2. Description of the Related Art
In general, an image forming apparatus, such as a printer or a copier, is provided with a paper feeding apparatus loaded with and receiving a plurality of sheets of paper to sequentially feed the loaded sheets of paper into a body of the image forming apparatus.
FIG. 1 illustrates an example of a conventional paper feeding apparatus 10 of an image forming apparatus.

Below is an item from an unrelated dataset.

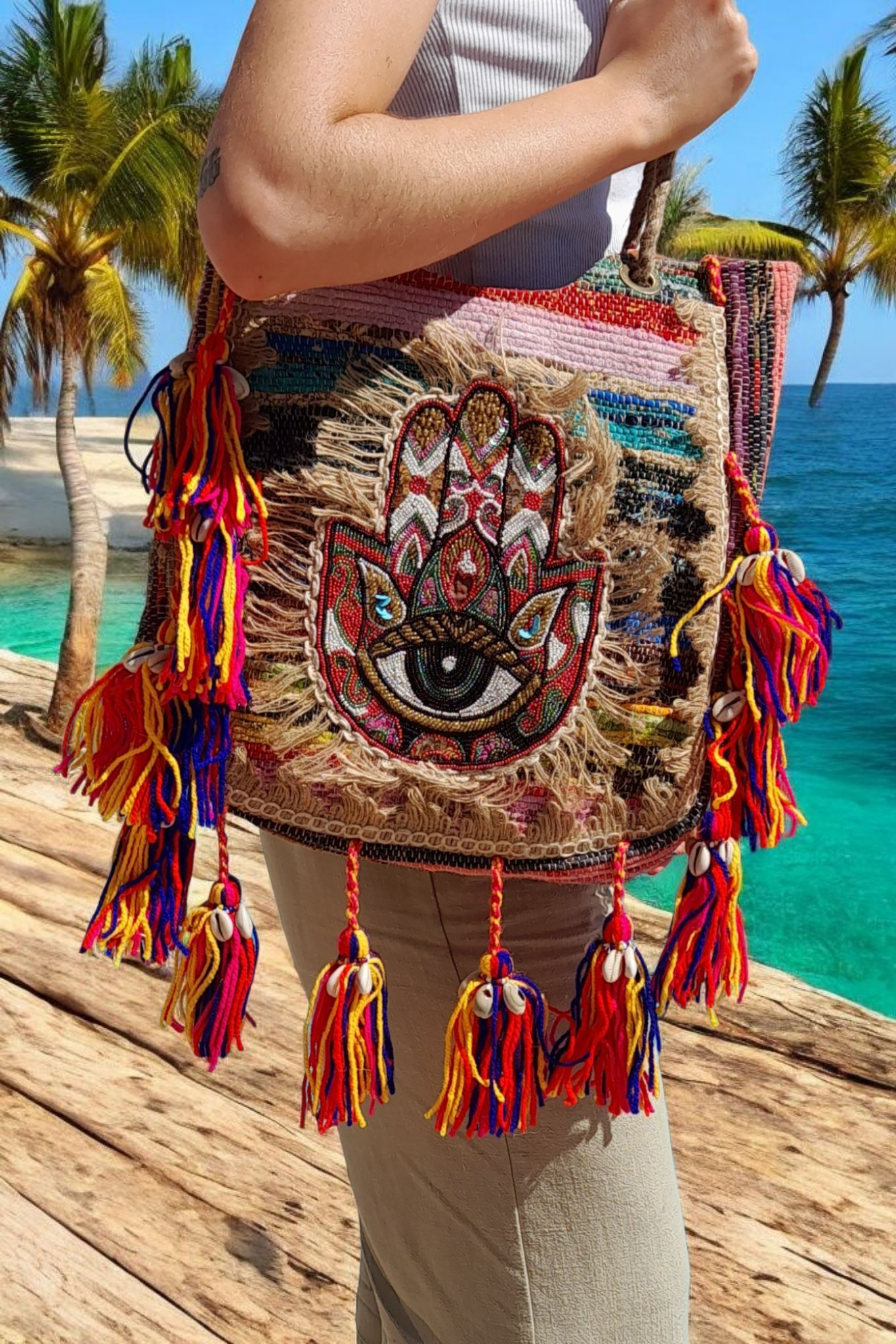 • Boho Bag Es Cubells small is handgemaakt, uniek exemplaar, hiermee steel jij de show!!

The paper feeding apparatus 10 comprises a cassette 12 removably attached to a side of a body 11 of the paper feeding apparatus 10 and being loaded with a plurality sheets of paper S, a pick-up roller assembly 13 having a pick-up roller 14 for picking up and feeding the sheets of paper S loaded in the cassette 12 into the body 11, a knock-up plate (paper loading plate) 21 rotatably installed within the cassette 12 to lift leading edges of the sheets of paper S toward the pick-up roller assembly 13, a lifter 15 for pivoting the paper loading plate 21 toward the pick-up roller 14 side of the pick-up roller assembly 13 so that an uppermost one of the sheets of paper S is positioned at a pick-up position where a top of the sheets of paper S comes in contact with the pick-up roller 14 with a constant pressure, and a position sensor unit 30 for sensing whether the uppermost one of the sheets of paper S is positioned at the pick-up position.

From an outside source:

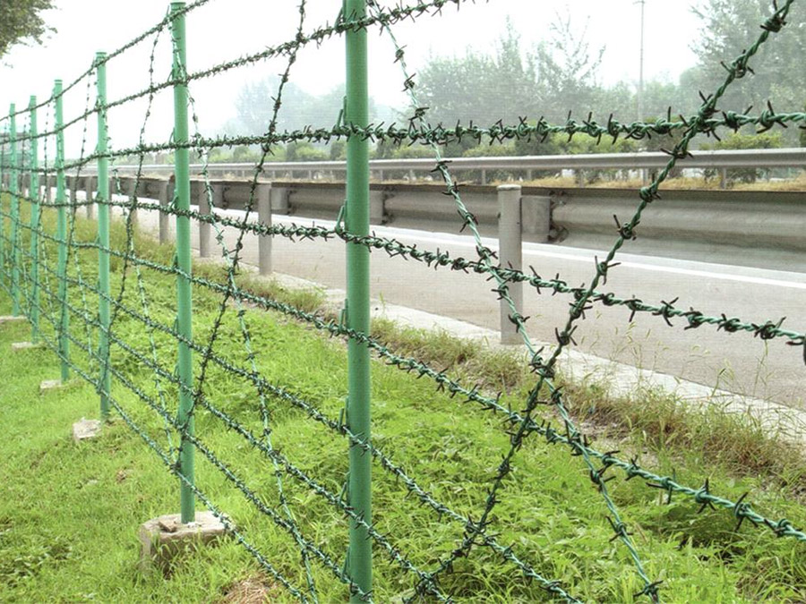 刀片刺繩按照安裝方法不同可分為:(蛇腹式) 螺旋式刀片刺繩,直線型刀片刺繩,平板式刀片刺繩,刀片刺繩焊接網等。片刺繩按照安裝方法不同可分為:(蛇腹式) 螺旋式刀片刺繩,直線型刀片刺繩,平板式刀片刺繩,刀片刺繩焊接網等。是在兩條刀片刺網之間以不銹鋼片和鍍鋅鋼片強力夾扣,展開后即呈交叉狀。

The paper loading plate 21 is pivotally supported on a hinge bracket 25 by a hinge axle 26.
The lifter 15 comprises a lifting plate 16 for lifting the paper loading plate 21, and a driving motor 17 for pivoting the lifting plate 16.
A fixing part 18 is formed at one end of the lifting plate 16, wherein the fixing part 18 is fixedly connected to a first end 20a of a power transmission shaft 20 (FIGS. 2A and 2B). The power transmission shaft 20 is pivotally supported in the cassette 12 and projected out of the cassette 12.
As illustrated in FIGS. 2A and 2B, the driving motor 17 comprises a driving axle 17a and a coupling 23 provided at an end of the driving axle 17a, wherein the coupling 23 engages a second end 20b of the power transmission shaft 20 when the cassette 12 is inserted into the body 11, and the coupling 23 transmits a driving force of the driving motor 17 to the lifting plate 16 through the power transmission shaft 20.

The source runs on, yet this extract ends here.